Confidence Aggregation Across Jurisdictions
When an ownership chain spans multiple jurisdictions with different data quality levels, the overall confidence must reflect the weakest link. Prismatic uses a chain confidence model where the confidence of an ownership path is the product of individual edge confidences:
If the Czech-to-Slovak ownership edge has confidence 0.95 and the Slovak-to-Cyprus edge has confidence 0.50, the chain confidence is 0.475. This multiplicative approach ensures that data quality gaps in any part of the chain are properly reflected in the final assessment.
Regulatory Considerations
Cross-border DD must also navigate different regulatory frameworks for data access.

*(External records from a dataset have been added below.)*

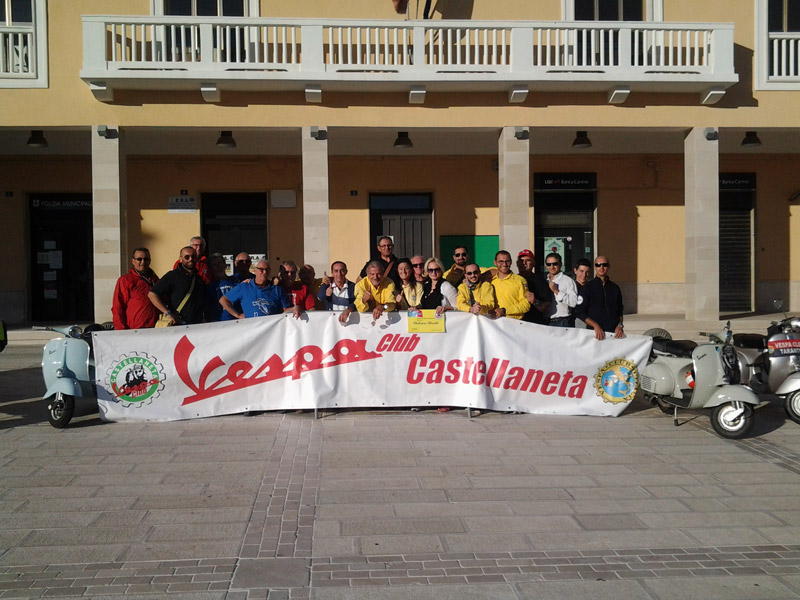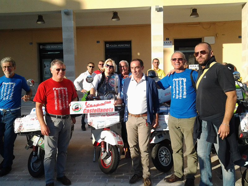 Ci accompagnano gli amici del Vespa Club che fanno anche intervenire un appassionato di storia locale. Ci racconta molte curiosità tra i vicoli piuttosto fatiscenti, ma affascinanti e particolari. Alle 12 siamo in Municipio dove, in una stanza curiosamente affrescata ci viene consegnata una targa del peso di due chili che, da qualche parte, sistemeremo.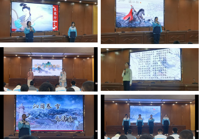 11月29日下午四点,从各班脱颖而出的同学登上年级汇演的舞台,尽显创意与风采。从“数风流人物,还看今朝”的豪迈,到“收拾旧山河,朝天阙”的壮志,从“惊涛拍岸,卷起千堆雪”的雄奇到“仙之人兮列如麻”的瑰丽,从“同是天涯论人”的伤感到“与尔同销万古愁”的洒脱,他们时而低沉,时而高亢,对诗歌的演绎丝丝入扣,为全体师生呈现了一场高质量的诗词盛宴,全体师生都为他们的表演深深打动。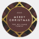 Adesivo Redondo Tartan Xadrez Vermelho Escuro e Dourado Feliz Nata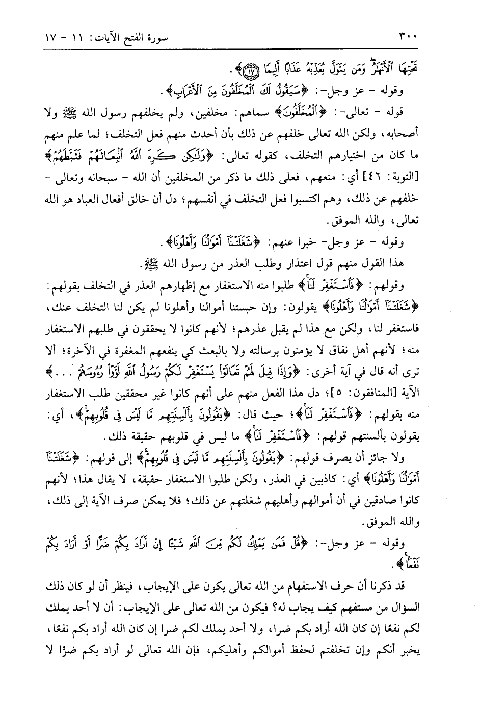 وقوله - عَزَّ وَجَلَّ -: (سَيَقُولُ لَكَ الْمُخَلَّفُونَ مِنَ الْأَعْرَابِ ... (11).

GDPR applies uniformly but member state implementations differ. Some jurisdictions restrict bulk data access even from public registers. Others require registration or licensing to access certain datasets programmatically.
Prismatic maintains a compliance matrix per jurisdiction, ensuring that data access patterns comply with local regulations. Rate limits are set conservatively for jurisdictions with restrictive access policies, and all data access is logged for audit purposes.
The practical impact of these challenges is significant. A purely domestic Czech DD might complete in 5 to 10 seconds. A cross-border investigation spanning 4 jurisdictions typically takes 30 to 60 seconds, bounded by the slowest registry and the need for multi-stage entity resolution. But compared to the manual alternative of days or weeks, this represents a transformative improvement in efficiency.